**Work task**
Copy the records below line by line and word for word, from the very first line through the line with "рдЧреЗрд░реБрдкрд╛рдиреА рдкрдВрдЪрд╛рдпрдд рдореЗрдВ", omitting each picture.

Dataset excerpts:
--*--

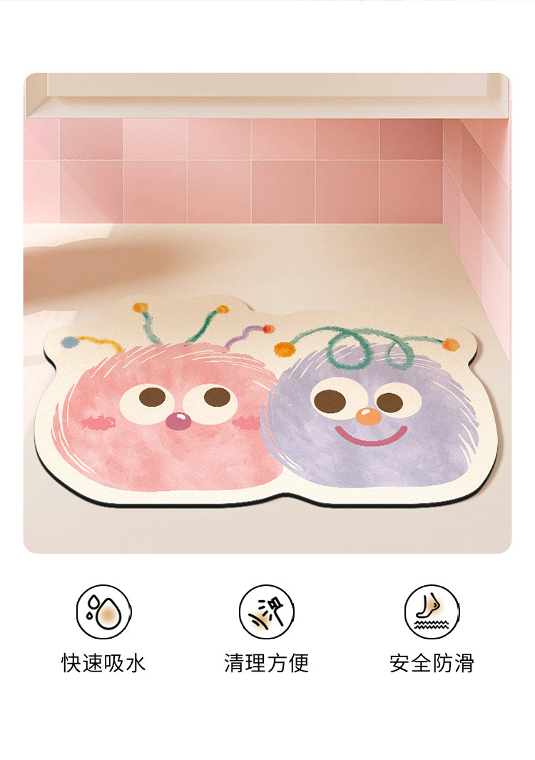 卡通浴室地垫吸水耐脏趣味卫生间门口速干硅藻泥地垫厕所防滑垫
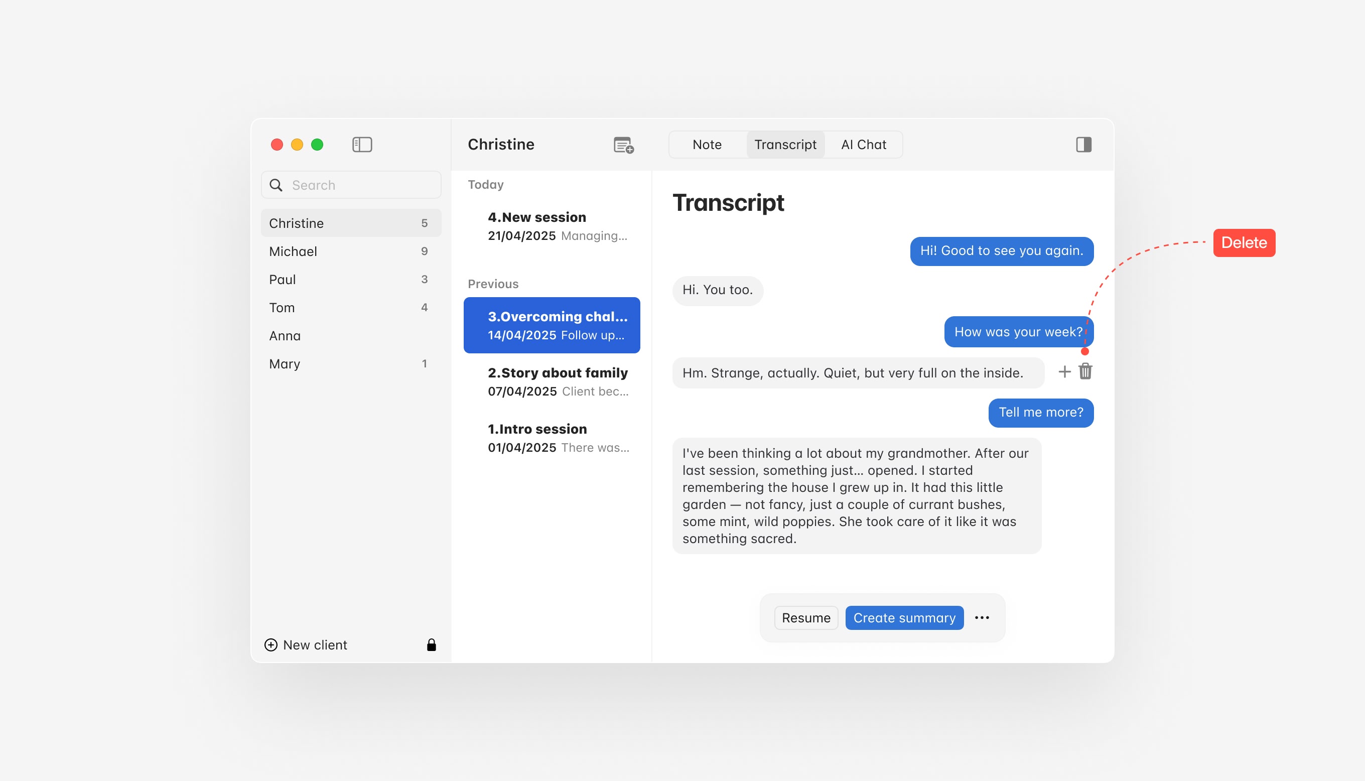 Hover over any line — a Small bin icon will appear. Click it to delete it. You can remove only one line at a time to avoid losing important information.
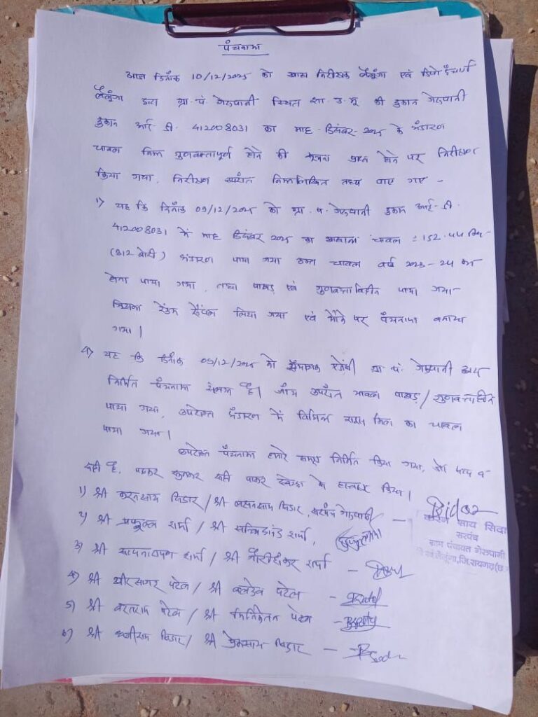 рдЧреЗрд░реБрдкрд╛рдиреА рдкрдВрдЪрд╛рдпрдд рдореЗрдВ рдкреАрдбреАрдПрд╕ рджреБрдХрд╛рди рдореЗрдВ рдкрд╣реБрдВрдЪрд╛ 250 рдмреЛрд░реА тАШрдкрд╛рдЦрдВрдб рдЪрд╛рд╡рд▓тАЩ рд╕рд░рдкрдВрдЪтАУрдЦрд╛рджреНрдп рдЕрдзрд┐рдХрд╛рд░реА рдиреЗ рдкрдВрдЪрдирд╛рдорд╛ рддреИрдпрд╛рд░ рдХрд░ рдЬрд╛рдВрдЪ рдЬрд╛рд░реА
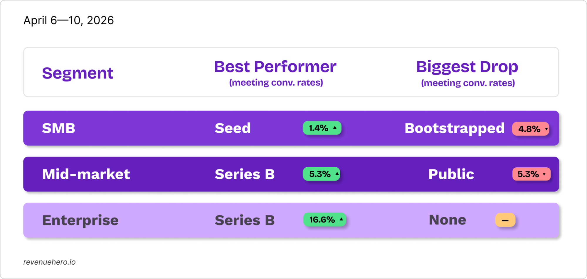 - Enterprise was the breakout segment: Demo requests soared +10.2% to 5,007, the biggest single-segment volume jump of Q2 so far. Meeting rates jumped +5.6% to 64.5%, the highest Enterprise reading in the dataset.
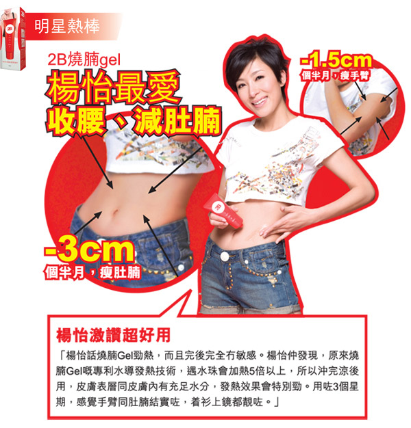 2B使用09年激新研發"深層燃脂精華",免除舊式產品只以辣椒、薑等箤取物促進發熱,未能真正達致溶脂效果,"深層燃脂精華"會隨水份滲入肌膚才產生熱力,使脂肪消耗,達到深層燃脂效果,並可減少因辣椒素所產生的敏感和容易灼傷皮膚等問題。
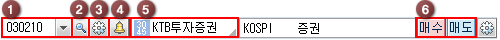 조회할 종목 선택 및 각 버튼을 통하여 해당 종목에 대한 매도/매수 주문 및 잔고, 체결, 차트 화면을 조회할 수 있습니다.
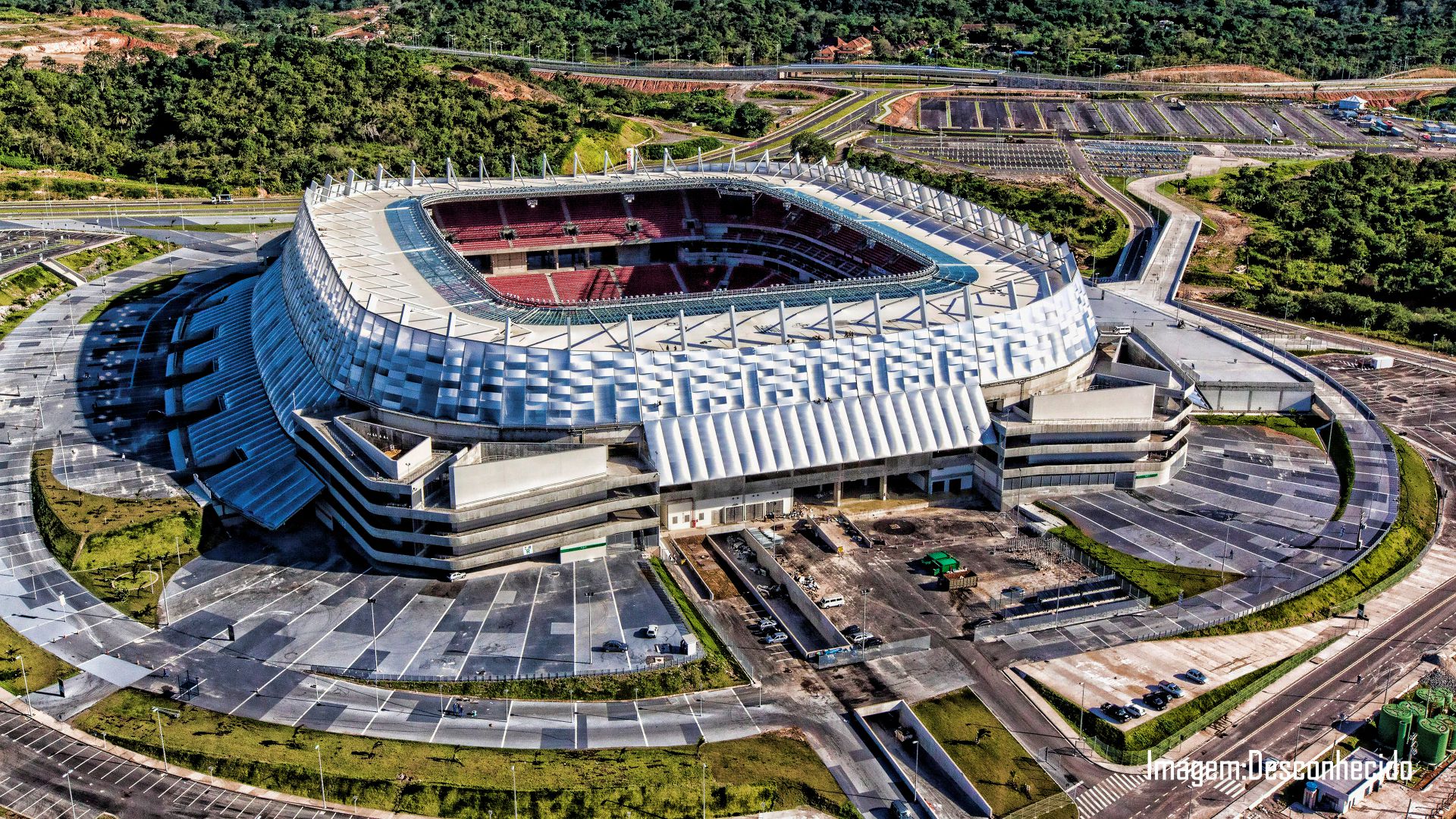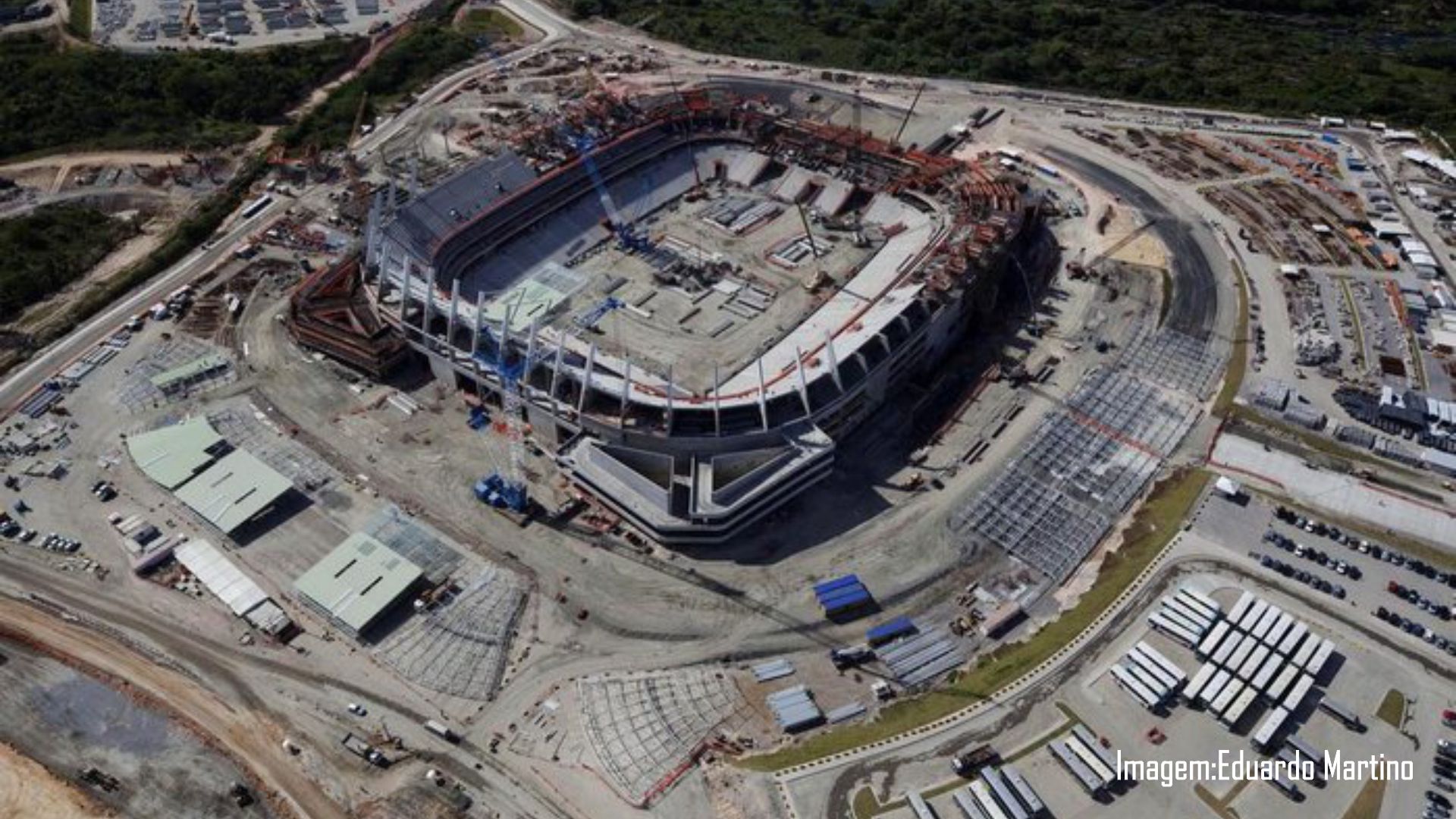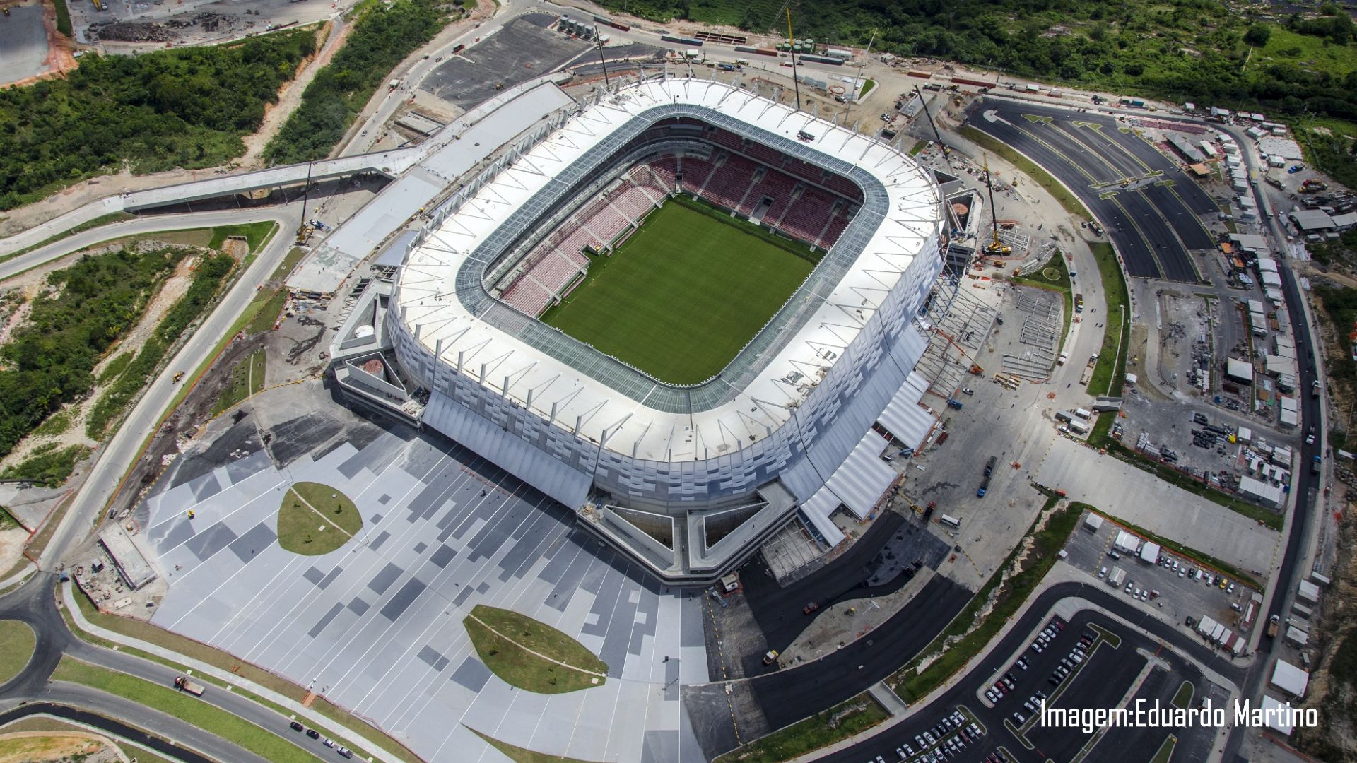 2. A cobertura da arena foi executada com aço importado da Espanha, tendo sido escolhida por sua estética e eficiência de prazo. A estrutura em aço foi fixada sobre 68 pilares metálicos nas alas sul e leste, sustentando 22 módulos montados previamente no solo com telhas, forros e vidros. Esses módulos foram içados por um guindaste de 400 toneladas para a instalação final; e

--*--

**Exercise response**
 卡通浴室地垫吸水耐脏趣味卫生间门口速干硅藻泥地垫厕所防滑垫
 Hover over any line — a Small bin icon will appear. Click it to delete it. You can remove only one line at a time to avoid losing important information.
 рдЧреЗрд░реБрдкрд╛рдиреА рдкрдВрдЪрд╛рдпрдд рдореЗрдВ рдкреАрдбреАрдПрд╕ рджреБрдХрд╛рди рдореЗрдВ рдкрд╣реБрдВрдЪрд╛ 250 рдмреЛрд░реА тАШрдкрд╛рдЦрдВрдб рдЪрд╛рд╡рд▓тАЩ рд╕рд░рдкрдВрдЪтАУрдЦрд╛рджреНрдп рдЕрдзрд┐рдХрд╛рд░реА рдиреЗ рдкрдВрдЪрдирд╛рдорд╛ рддреИрдпрд╛рд░ рдХрд░ рдЬрд╛рдВрдЪ рдЬрд╛рд░реА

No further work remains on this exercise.